В подготовленной, но не произнесенной речи на пленуме ЦК КПСС в мае 1956 года Жуков утверждал, что Сталин запретил открывать огонь по неприятелю. Одновременно Сталин в мае-июне тайно перебросил к западной границе 939 эшелонов с войсками и техникой, под видом учебных сборов призвал из запаса 801 тысячу резервистов, а 19 июня секретным приказом реорганизовал приграничные военные округа во фронты, что делалось всегда и исключительно за несколько дней до начала боевых действий. «Переброска войск была спланирована с расчетом завершения сосредоточения с 1 июня по 10 июля 1941 г. На расположение войск оказал влияние наступательный характер планируемых действий», — говорится в опубликованной минобороны РФ в 1992 году коллективной монографии «1941 год — уроки и выводы».
«Внезапность была, но только тактическая.
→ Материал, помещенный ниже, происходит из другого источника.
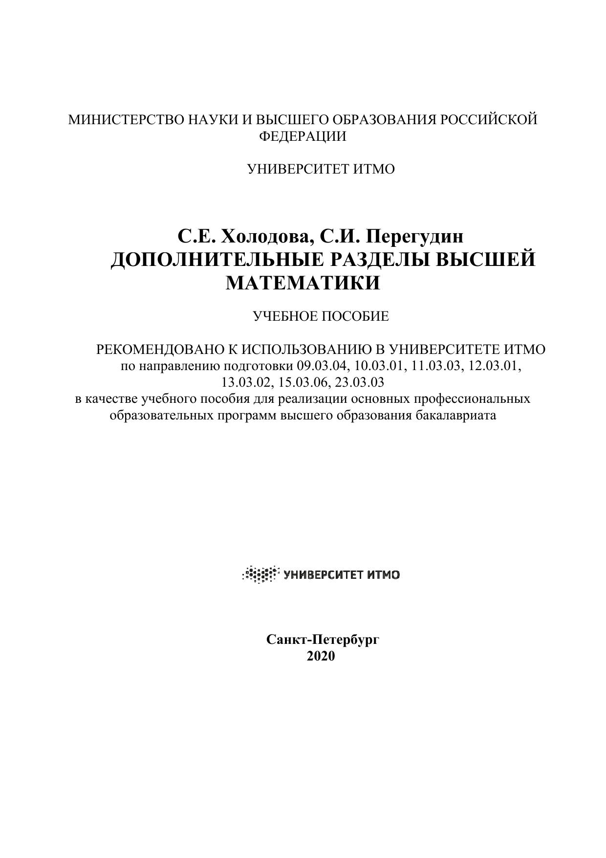 Дополнительные разделы высшей математики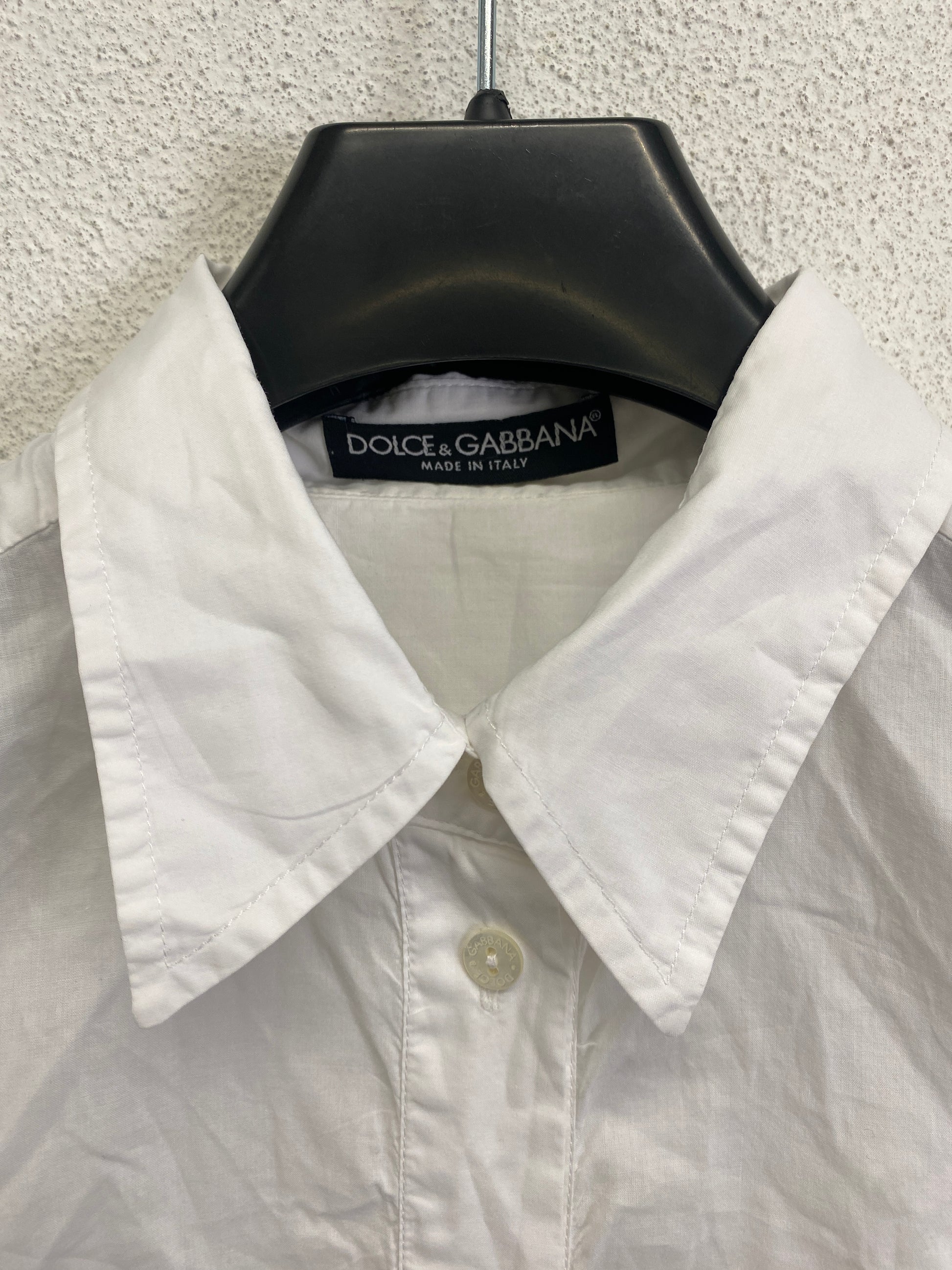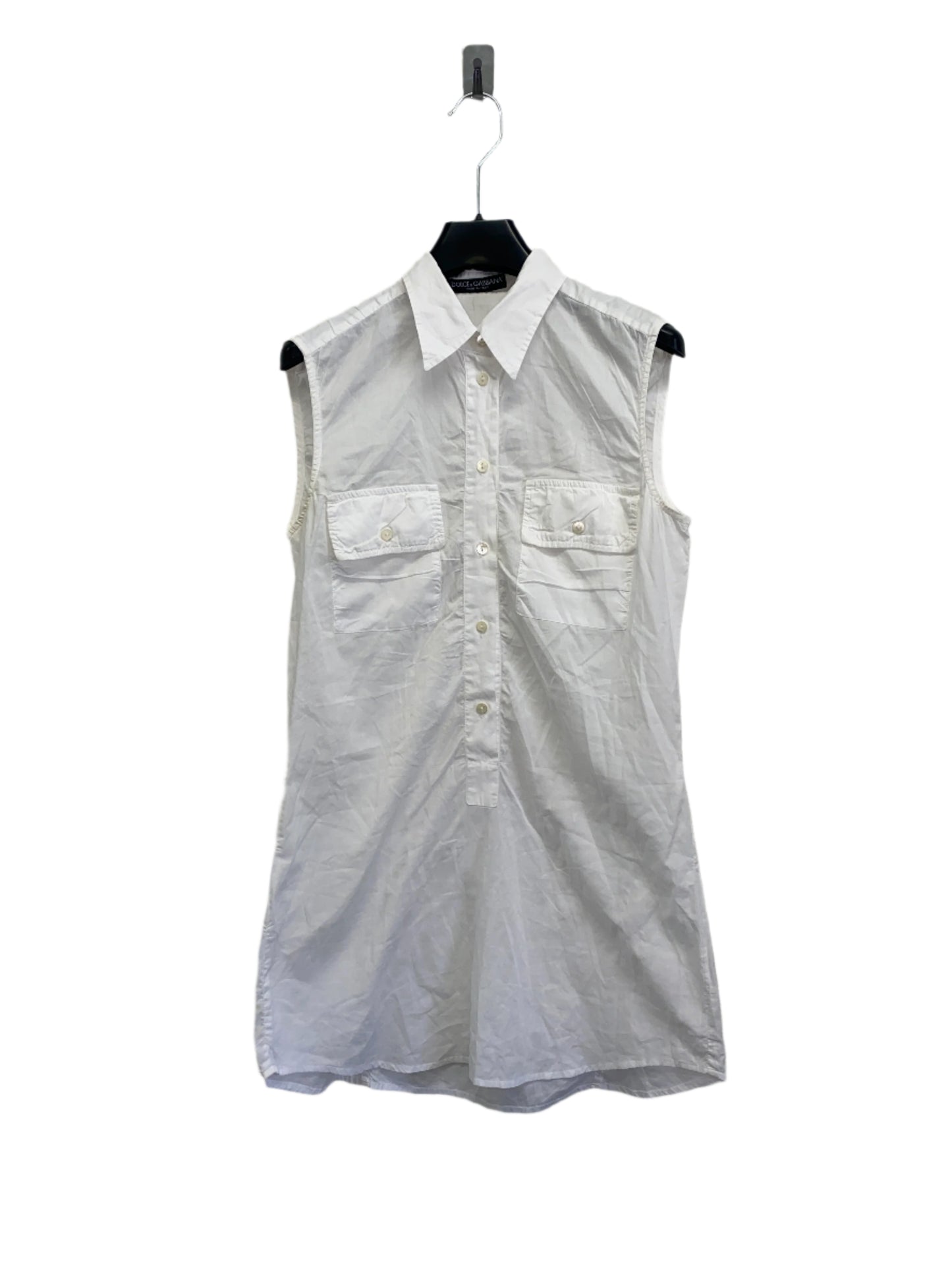 DOLCE & GABBANA white cotton button-up sleeveless dress-shirt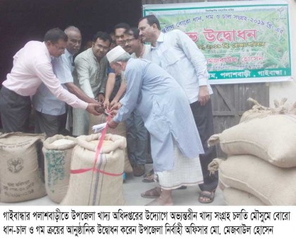 গাইবান্ধার পলাশবাড়ীতে উপজেলা খাদ্য অধিদপ্তরের উদ্যোগে অভ্যন্তরীন খাদ্য সংগ্রহ চলতি মৌসুমে স্থানীয় সরকারি খাদ্য গুদাম কেন্দ্রে বোরো ধান-চাল ও গম ক্রয়ের আনুষ্ঠানিক উদ্বোধন করা হয়েছে।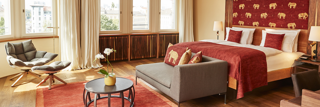 The interior design assures a warm and cozy atmosphere. Golden elephants on red fabric alight all over the hotel and set an oriental accent.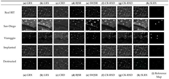 Detection maps of compared algorithms for all datasets: (a) GRX detection map; (b) LRX detection map; (c) CRD detection map; (d) Background Joint Sparse Representation (BJSR) detection map; (e) SWJSR detection map; (f) CR-RXD detection map; (g) CK-RXD detection map. (h) SLRX detection map; and, (i) Reference anomaly map.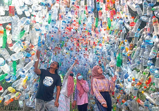 LORONG sepanjang 10 meter itu dipenuhi ribuan botol plastik bekas. Jumlahnya 3.544 buah botol. Bekas wadah minuman kemasan berbagai merek tersebut digantung dan dikaitkan dengan jala di sekelilingnya.

Опередил нас Гитлер!» — заявил в 1970-х годах Вячеслав Молотов писателю Ивану Стаднюку.
«Беда заключалась не в отсутствии у нас планов — планы были! — а в том, что внезапно изменившаяся обстановка не позволила их выполнять», — сообщал маршал Александр Василевский в статье, написанной к 20-летию Победы, но увидевшей свет лишь в начале 90-х.
Не «изменник Резун», а президент Академии военных наук генерал армии Махмуд Гареев указывал: «Если бы планы оборонительных операций были, то совсем по-другому располагались бы группировки сил и средств, по-другому строилось бы управление и эшелонирование материальных запасов. Но этого не было сделано в приграничных военных округах».
«Основной просчет Сталина и его вина заключались не в том, что страна не подготовилась к обороне (она к ней и не готовилась), а в том, что не удалось точно определить момент. Упреждающий удар спас бы нашему Отечеству миллионы жизней и, возможно, привел бы намного раньше к тем же политическим результатам, к которым страна разоренная, голодная, потерявшая цвет нации, пришла в 1945 году», — полагал директор Института истории РАН академик Андрей Сахаров.
Ясно сознавая неизбежность столкновения с Германией, руководство СССР до 22 июня 1941 года не видело себя в роли жертвы, не гадало с замирающим сердцем «нападут — не нападут», а напряженно работало над тем, чтобы начать войну в благоприятный момент и провести ее «малой кровью на чужой территории». С этим согласны большинство исследователей. Разница в деталях, датах и, главным образом, в моральных оценках.
Тем не менее не все тайны, окружающие 22 июня 1941 года, раскрыты через 75 лет.
В этот трагический день, накануне и сразу вслед за ним, творились удивительные вещи, не укладывающиеся ни в логику подготовки к обороне, ни в логику подготовки к наступлению.
Основанного на документах и свидетельствах участников событий объяснения им нет, и вряд ли оно появится. Есть лишь более или менее правдоподобные догадки и версии.
Сон Сталина
Около полуночи 22 июня, согласовав и разрешив Тимошенко и Жукову отправить в приграничные округа за их подписями противоречивый документ, известный как «Директива №1», вождь уехал из Кремля на Ближнюю дачу. Когда Жуков позвонил с сообщением о нападении, охранник заявил, что Сталин спит и не велел будить себя, так что начальнику генштаба пришлось на него прикрикнуть.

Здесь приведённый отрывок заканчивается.